[Bressant by Julian Hawthorne]@TWC D-Link bookBressant CHAPTER XVI 17/18
And yet she had not forgotten to wind up Bressant's watch, and put it in its usual place under her pillow. It might seem strange that his memory should not have kept her beyond the reach of deleterious influences.
But a young girl's love is any thing but a preservative, if it shall yield her, in any aspect, other than such pure and delicate thoughts as she would not scruple to whisper in her mother's ear, or to ask God's blessing on at night.
Should there be any circumstance or incident, however seemingly trifling and unimportant, in her reminiscences, which nevertheless keeps recurring to the mind with a slight twinge of regret--a feeling that it would have been just as well had it never happened--then is love a dangerous companion.

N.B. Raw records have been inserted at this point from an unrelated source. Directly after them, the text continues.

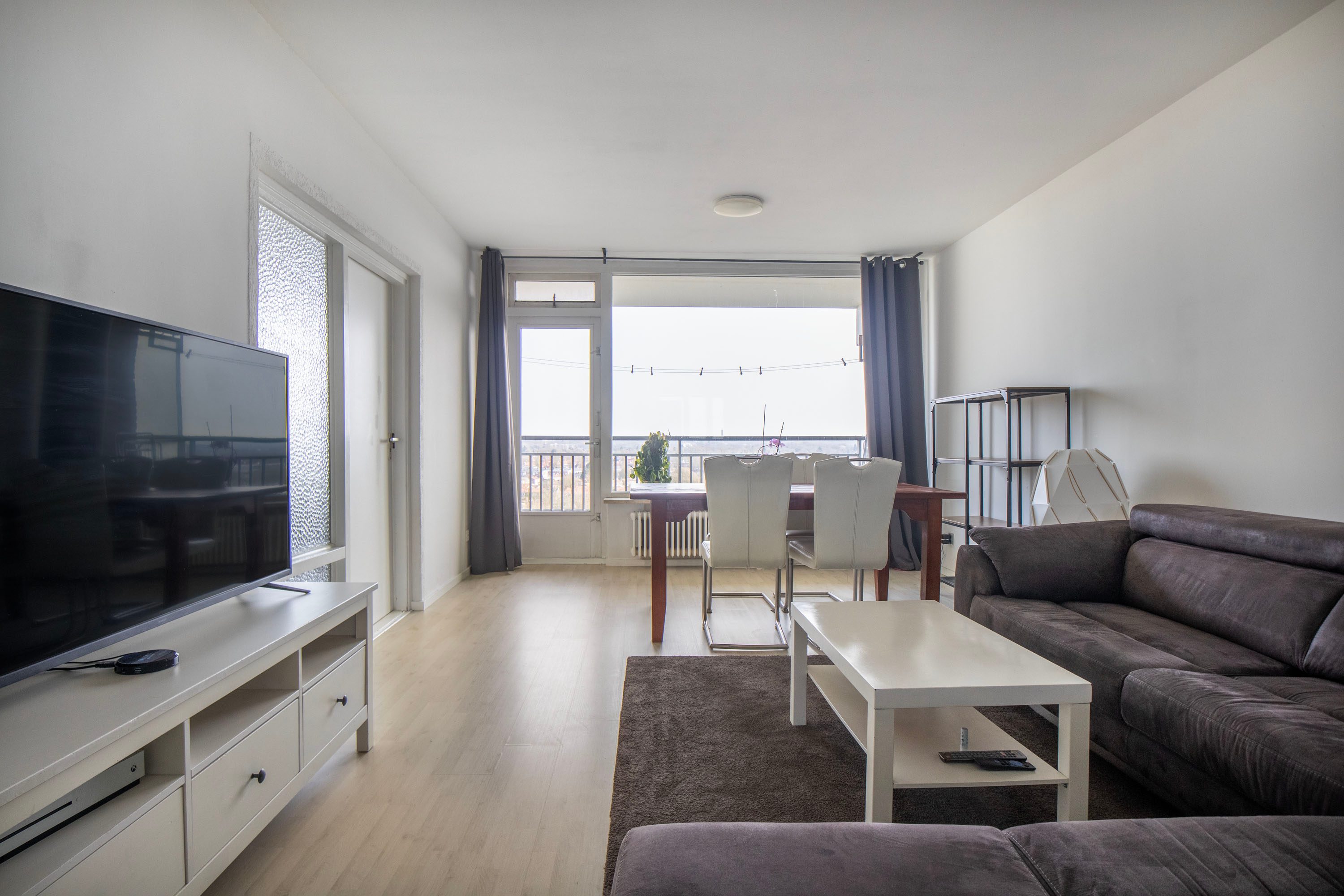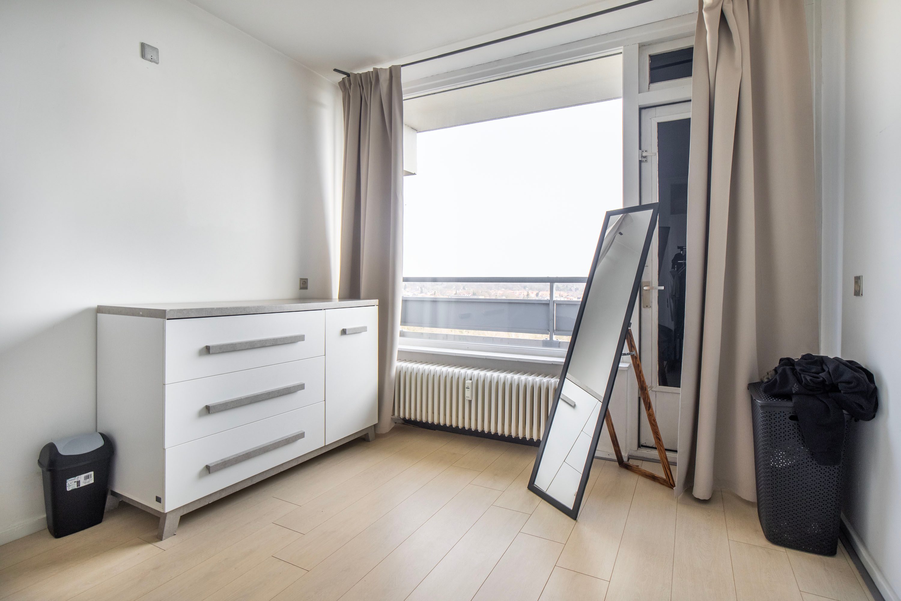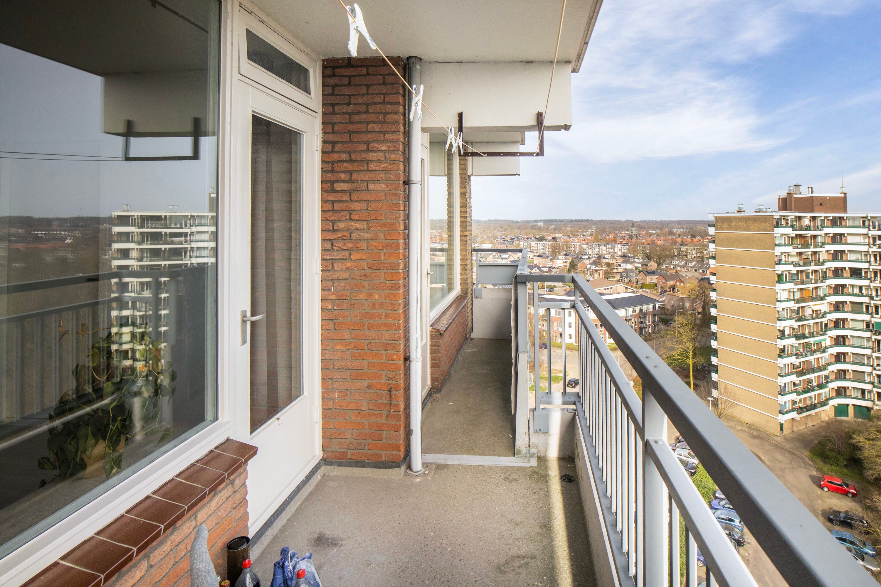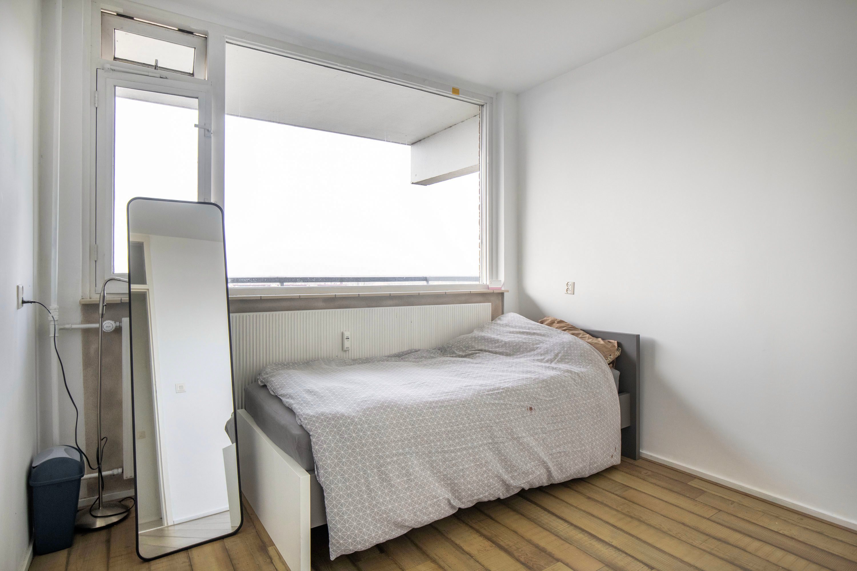 Het appartement is gelegen op de bovenste, 11e verdieping. Dankzij de hoekligging geniet je hier van extra privacy, omdat er geen bewoners langs de galerij voor de woning lopen.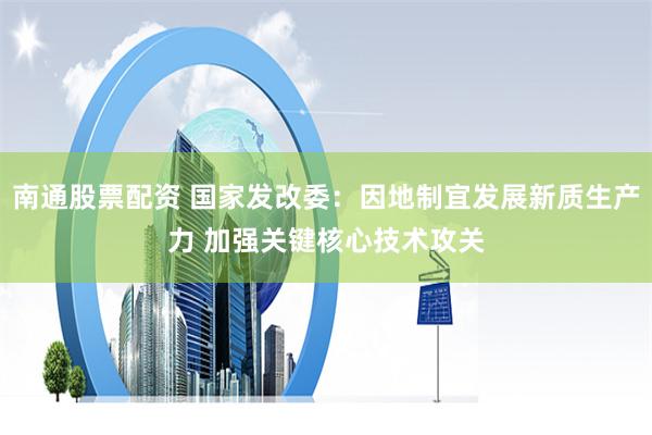 南通股票配资 国家发改委:因地制宜发展新质生产力 加强关键核心技术攻关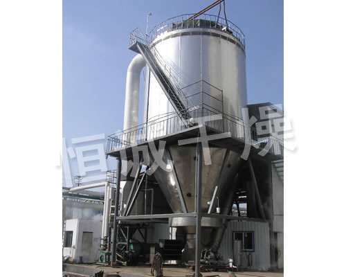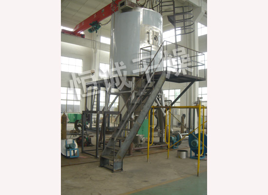 空氣經過濾和加熱,進入幹燥器頂部空氣分配器,熱空氣呈螺旋狀均勻地進入幹燥室。料液經塔體頂部的高速離心霧化器,(旋轉)噴(pen)霧(wu)成(cheng)極(ji)細(xi)微(wei)的(de)霧(wu)狀(zhuang)液(ye)珠(zhu),與(yu)熱(re)空(kong)氣(qi)並(bing)流(liu)接(jie)觸(chu)在(zai)極(ji)短(duan)的(de)時(shi)間(jian)內(nei)可(ke)幹(gan)燥(zao)為(wei)成(cheng)品(pin)。成(cheng)品(pin)連(lian)續(xu)地(di)由(you)幹(gan)燥(zao)塔(ta)底(di)部(bu)和(he)旋(xuan)風(feng)分(fen)離(li)器(qi)中(zhong)輸(shu)出(chu),廢(fei)氣(qi)由(you)風(feng)機(ji)排(pai)空(kong)。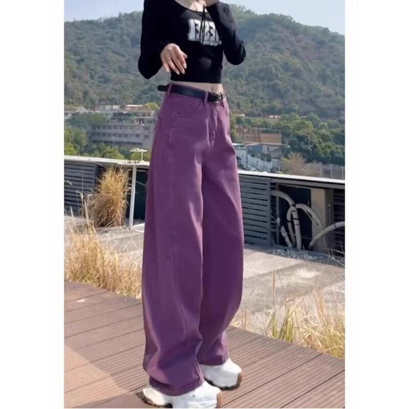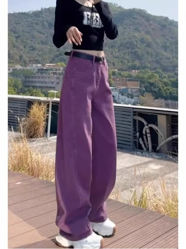 (总)洛兰沙家居馆【只代发】【只代发】 2025新款只代发美式复古紫色阔腿牛仔裤女春秋新款大码胖mm百搭宽松显瘦直筒裤子17

Gradually does the trifling spot grow upon her; in trying to justify it, she succeeds only in lowering the whole idea of love to its level; and this once accomplished, in all future intercourse with her lover she must be undefended by the shield of her maidenly integrity. And not all men are great enough not to presume on woman's weakness, even though it be that woman, to assert whose honor and purity they would risk their lives against the world. Some such quality of earthiness Cornelia may have felt in the course of her acquaintance with Bressant, preventing her love from ennobling and elevating her.
Alas! if it were so.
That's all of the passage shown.